You can mix resolution methods: e.g. first prioritize, then use AND/OR to resolve rules with similar priorities.
The possibilities are limitless and really depends on what your actual needs are.
To me this problem reminds business rules engine where there is no known algorithm to define outputs from inputs (e.g. using boolean logic) but the user (typically some sort of administrator) has to define all or some the logic itself.
This might sound a bit of an overkill but OTOH this provides virtually limit-less extension capabilities: you don't have to code any new business logic, just define a new rule set.
As I understand your problem, you are looking for a nice way to visualise the editing for these rules. But this all depends on your programming language and the tool you select for this. Java, for example, has JBoss Drools. Quoting their page:
Drools Guvnor provides a (logically
centralized) repository to store you
business knowledge, and a web-based
environment that allows business users
to view and (within certain
constraints) possibly update the
business logic directly.
You could possibly use this generic tool or write your own.

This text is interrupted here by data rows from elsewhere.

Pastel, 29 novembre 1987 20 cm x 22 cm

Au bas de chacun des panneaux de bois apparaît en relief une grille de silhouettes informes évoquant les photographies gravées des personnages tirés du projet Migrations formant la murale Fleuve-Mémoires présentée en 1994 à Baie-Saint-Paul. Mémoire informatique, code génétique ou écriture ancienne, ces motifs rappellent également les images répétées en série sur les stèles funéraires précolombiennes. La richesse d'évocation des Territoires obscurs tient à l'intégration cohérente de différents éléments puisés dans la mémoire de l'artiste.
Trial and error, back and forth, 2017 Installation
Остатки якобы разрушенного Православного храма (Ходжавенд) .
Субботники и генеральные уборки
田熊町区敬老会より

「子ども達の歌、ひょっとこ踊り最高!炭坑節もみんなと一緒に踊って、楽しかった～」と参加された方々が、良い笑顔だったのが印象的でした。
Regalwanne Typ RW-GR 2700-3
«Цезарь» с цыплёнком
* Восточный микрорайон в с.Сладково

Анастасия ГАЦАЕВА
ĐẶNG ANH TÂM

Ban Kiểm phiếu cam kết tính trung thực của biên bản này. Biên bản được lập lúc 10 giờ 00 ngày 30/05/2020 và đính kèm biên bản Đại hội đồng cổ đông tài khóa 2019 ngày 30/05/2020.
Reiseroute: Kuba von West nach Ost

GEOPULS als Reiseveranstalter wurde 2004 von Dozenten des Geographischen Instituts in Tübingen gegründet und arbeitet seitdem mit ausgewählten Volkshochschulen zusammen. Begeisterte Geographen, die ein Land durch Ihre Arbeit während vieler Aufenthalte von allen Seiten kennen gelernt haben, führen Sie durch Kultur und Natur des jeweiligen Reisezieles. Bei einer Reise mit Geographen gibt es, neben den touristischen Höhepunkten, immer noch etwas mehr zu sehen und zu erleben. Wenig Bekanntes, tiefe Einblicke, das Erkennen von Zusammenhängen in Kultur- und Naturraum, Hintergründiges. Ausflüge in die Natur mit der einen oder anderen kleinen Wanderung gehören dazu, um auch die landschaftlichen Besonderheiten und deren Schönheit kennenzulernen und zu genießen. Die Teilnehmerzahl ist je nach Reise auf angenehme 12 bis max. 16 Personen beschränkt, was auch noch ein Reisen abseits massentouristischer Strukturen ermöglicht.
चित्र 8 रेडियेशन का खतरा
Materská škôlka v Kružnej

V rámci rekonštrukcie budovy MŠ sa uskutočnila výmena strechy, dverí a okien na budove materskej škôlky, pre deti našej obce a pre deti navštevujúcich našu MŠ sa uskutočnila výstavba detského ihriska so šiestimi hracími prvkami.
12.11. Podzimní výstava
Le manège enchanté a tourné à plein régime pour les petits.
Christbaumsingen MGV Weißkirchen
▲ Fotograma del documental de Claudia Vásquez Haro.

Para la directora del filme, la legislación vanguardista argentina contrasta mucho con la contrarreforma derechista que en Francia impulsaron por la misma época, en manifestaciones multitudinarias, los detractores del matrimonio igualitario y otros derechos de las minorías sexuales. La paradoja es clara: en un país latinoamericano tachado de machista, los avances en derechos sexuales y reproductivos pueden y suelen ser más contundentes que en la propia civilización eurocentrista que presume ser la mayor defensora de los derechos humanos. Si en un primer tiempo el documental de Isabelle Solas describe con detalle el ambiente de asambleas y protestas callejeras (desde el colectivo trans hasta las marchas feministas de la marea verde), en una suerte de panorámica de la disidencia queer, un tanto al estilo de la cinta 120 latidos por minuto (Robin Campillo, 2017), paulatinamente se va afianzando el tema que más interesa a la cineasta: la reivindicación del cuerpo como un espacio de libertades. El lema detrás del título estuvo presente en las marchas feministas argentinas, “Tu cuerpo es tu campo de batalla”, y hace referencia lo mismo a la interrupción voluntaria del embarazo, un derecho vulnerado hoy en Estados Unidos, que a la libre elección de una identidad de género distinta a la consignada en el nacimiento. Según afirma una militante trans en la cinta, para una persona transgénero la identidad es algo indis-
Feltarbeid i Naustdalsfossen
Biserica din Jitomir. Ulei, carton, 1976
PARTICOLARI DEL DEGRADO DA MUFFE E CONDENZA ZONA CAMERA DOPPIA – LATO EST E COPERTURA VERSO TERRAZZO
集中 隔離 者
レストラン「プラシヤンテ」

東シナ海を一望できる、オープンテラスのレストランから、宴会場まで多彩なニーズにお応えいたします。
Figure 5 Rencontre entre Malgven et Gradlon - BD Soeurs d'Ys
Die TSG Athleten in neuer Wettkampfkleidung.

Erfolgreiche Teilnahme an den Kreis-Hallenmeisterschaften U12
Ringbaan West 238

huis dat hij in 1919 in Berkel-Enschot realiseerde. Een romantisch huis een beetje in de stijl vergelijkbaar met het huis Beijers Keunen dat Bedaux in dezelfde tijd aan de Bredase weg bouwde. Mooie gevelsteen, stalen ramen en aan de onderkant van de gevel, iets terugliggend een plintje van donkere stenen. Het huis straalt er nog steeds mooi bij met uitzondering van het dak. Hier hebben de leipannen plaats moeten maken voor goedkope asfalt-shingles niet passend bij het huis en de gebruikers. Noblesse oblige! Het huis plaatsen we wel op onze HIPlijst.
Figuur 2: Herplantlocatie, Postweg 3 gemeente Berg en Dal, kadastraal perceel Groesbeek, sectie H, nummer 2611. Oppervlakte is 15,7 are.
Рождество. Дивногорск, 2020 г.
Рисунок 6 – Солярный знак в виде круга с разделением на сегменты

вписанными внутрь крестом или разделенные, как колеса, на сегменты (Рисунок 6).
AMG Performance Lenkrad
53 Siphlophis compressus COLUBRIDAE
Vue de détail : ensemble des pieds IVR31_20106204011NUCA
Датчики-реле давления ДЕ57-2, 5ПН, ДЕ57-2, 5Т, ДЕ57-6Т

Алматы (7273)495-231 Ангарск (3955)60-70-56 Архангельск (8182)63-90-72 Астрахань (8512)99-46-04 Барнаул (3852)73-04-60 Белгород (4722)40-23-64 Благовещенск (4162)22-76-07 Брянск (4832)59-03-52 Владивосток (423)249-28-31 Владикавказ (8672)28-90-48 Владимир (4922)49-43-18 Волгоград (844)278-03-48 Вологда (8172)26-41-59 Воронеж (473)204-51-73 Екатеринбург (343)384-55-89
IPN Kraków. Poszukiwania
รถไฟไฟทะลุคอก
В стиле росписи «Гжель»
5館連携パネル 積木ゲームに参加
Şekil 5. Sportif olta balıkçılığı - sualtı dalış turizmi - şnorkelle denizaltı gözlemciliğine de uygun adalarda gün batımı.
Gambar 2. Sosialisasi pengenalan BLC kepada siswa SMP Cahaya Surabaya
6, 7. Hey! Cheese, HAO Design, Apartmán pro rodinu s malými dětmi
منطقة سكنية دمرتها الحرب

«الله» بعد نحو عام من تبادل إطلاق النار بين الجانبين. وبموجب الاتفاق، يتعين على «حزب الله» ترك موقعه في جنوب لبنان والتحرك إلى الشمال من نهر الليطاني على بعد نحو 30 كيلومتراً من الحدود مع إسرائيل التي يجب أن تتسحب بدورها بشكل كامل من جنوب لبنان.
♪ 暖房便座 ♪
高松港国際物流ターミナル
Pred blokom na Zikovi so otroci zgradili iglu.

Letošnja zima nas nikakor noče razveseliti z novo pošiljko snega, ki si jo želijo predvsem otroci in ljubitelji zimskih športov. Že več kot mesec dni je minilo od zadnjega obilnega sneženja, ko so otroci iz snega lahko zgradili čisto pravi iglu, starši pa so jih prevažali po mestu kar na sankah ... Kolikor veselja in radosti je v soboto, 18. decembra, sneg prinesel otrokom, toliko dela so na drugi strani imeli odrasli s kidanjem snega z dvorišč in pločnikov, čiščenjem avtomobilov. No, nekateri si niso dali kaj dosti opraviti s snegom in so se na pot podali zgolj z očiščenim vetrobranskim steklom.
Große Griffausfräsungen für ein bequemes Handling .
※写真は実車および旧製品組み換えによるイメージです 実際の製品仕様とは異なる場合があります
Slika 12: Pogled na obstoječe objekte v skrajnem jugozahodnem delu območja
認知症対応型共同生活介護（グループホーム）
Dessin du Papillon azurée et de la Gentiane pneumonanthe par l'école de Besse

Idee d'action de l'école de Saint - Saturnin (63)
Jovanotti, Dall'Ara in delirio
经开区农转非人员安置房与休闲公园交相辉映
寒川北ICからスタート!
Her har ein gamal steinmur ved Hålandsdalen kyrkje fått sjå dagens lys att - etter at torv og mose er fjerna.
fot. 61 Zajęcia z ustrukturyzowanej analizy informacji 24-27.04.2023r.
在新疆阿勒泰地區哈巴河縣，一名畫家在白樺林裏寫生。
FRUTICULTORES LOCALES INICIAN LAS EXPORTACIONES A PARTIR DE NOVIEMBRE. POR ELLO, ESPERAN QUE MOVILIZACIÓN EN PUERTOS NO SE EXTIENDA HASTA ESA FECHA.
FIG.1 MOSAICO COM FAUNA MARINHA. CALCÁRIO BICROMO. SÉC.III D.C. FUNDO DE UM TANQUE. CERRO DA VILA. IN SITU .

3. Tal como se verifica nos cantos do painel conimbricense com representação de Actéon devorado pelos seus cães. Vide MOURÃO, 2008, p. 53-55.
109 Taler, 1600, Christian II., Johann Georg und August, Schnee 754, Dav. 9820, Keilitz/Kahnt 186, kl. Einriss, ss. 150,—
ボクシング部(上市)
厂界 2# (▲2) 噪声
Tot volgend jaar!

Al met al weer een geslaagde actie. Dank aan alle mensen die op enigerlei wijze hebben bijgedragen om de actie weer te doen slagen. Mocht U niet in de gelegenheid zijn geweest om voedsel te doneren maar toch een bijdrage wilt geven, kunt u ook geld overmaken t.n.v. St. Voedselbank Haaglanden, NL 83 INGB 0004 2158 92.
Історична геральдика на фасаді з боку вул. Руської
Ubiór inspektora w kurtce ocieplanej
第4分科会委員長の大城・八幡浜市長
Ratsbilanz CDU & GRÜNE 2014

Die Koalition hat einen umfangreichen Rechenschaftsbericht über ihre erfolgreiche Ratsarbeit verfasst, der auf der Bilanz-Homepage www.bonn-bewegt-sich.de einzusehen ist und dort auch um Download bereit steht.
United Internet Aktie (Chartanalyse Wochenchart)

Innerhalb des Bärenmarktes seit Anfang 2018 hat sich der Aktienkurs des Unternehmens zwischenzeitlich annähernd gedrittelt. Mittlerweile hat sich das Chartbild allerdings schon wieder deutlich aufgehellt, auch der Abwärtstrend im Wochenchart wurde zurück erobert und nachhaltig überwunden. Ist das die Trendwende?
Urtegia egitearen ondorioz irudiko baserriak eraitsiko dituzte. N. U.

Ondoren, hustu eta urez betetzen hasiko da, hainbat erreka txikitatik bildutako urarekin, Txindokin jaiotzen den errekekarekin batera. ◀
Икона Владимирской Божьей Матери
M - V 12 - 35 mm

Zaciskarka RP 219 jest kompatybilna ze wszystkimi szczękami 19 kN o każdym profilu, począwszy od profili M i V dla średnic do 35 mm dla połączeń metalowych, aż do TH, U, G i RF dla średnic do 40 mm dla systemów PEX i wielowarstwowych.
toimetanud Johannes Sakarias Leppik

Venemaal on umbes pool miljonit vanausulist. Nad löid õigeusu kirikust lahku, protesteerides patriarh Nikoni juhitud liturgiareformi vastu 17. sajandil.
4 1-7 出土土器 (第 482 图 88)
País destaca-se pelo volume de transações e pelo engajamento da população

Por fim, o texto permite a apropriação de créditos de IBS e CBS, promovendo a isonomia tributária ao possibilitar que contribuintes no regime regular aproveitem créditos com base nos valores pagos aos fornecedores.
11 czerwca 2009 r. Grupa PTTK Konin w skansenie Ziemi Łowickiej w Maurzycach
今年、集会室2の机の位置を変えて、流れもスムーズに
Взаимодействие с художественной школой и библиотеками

Everything depends on what your actual rules will look like. Rules like 'IF has an even number of these properties THEN' would be painful to represent in this format, whereas rules like 'IF pirate and not geek THEN' are easy.
You can 'avoid the ambiguity' by stating that you'll always be taking the first actual match, in other words your rules have a priority. You'd then want to flag rules which have no effect because they are 'shadowed' by rules higher up. They're not hard to find, so it's something your program should do.
Your interface could also indicate groups of rules where rules within the group can be in any order without changing the outcomes. This will add clarity to what the rules are really saying.
If some of your outputs are relatively independent of the others, you will also get a more compact and much clearer table by allowing question marks in the output. In that design the scan for first matching rule is done once for each output. Consider for example if 'HasChildren' is the only factor relevant to 'Can Be Evicted'. With question marks in the outputs (= no effect) you could be halving the number of exception rules.
My background for this is circuit logic design, not business logic. What you're designing is similar to, but not the same as, a PLA. As long as your actual rules are close to sum of products then it can work well. If your rules aren't, for example the 'even number of these properties' rule, then the grid like presentation will break down in a combinatorial explosion of cases. Your best hope if your rules are arbitrary is to get a clearer more compact presentation with either equations or with diagrams like a circuit diagram. To be avoided, if you can.
If you are looking for a Decision Engine with a GUI, than you can try this one: http://gandalf.nebo15.com/
We just released it, it's open source and production ready.
You probably need some kind of inference engine. Think about doing it in prolog.